You're completely on edge with desperation, but you also seem to be happy that I just came in your mouth for the second time in only a few hours. You curl up beside me, spooning me the way you know I like it.

But your hips are moving back and forth slightly, which I know won't help me sleep. I think for a moment that perhaps I'm being too mean. Then I remember you telling me that everything we're doing is consensual, and you wouldn't do this stuff with me if you didn't enjoy it. That's a calming thought. And then I remember the game, which you also consented to. It's not a day for fucking, or for you to have an orgasm. Another calming thought. But I want more, so I ask a very leading question.
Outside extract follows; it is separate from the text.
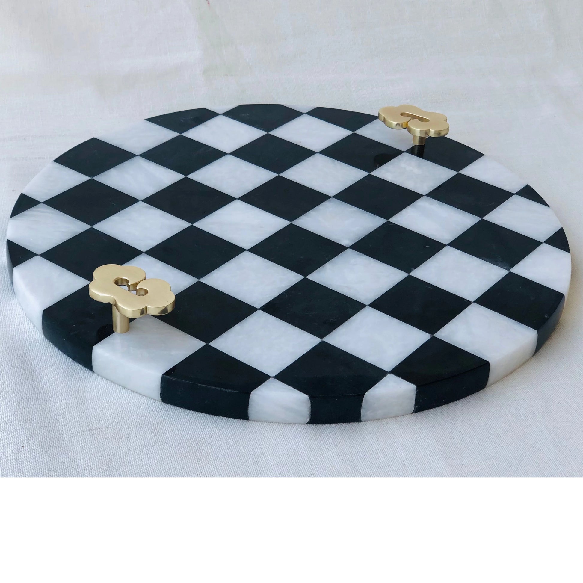 The Chess Round Marble Tray features a checkered pattern crafted from contrasting marble. Designed as both a serving tray and a décor accent, it reflects timeless craftsmanship with a modern twist. Its bold black and white pattern makes it a centerpiece in any space, while the polished marble surface ensures durability and elegance. Perfect for styling on coffee tables or dining areas, this tray is a blend of artistry and functionality, showcasing Pakistan’s finest marble in a truly unique way.

"Maybe I should make you come?"

Your hips are still moving. Perhaps you don't even know that they are. You know the answer. It's against the rules. More importantly, I haven't told you to come. I've only asked for your opinion, which we have clearly established is irrelevant in this situation.

"No," you reply firmly, hips still moving. "Don't make me come." A second later, for good measure, you add for emphasis, and perhaps because you thought you needed to say that more nicely, "please don't make me come. Please."

Two more seconds pass, but you still seem to think I need more convincing. "I don't want to come. And if I did, I still wouldn't." But your hips are still moving back and forth.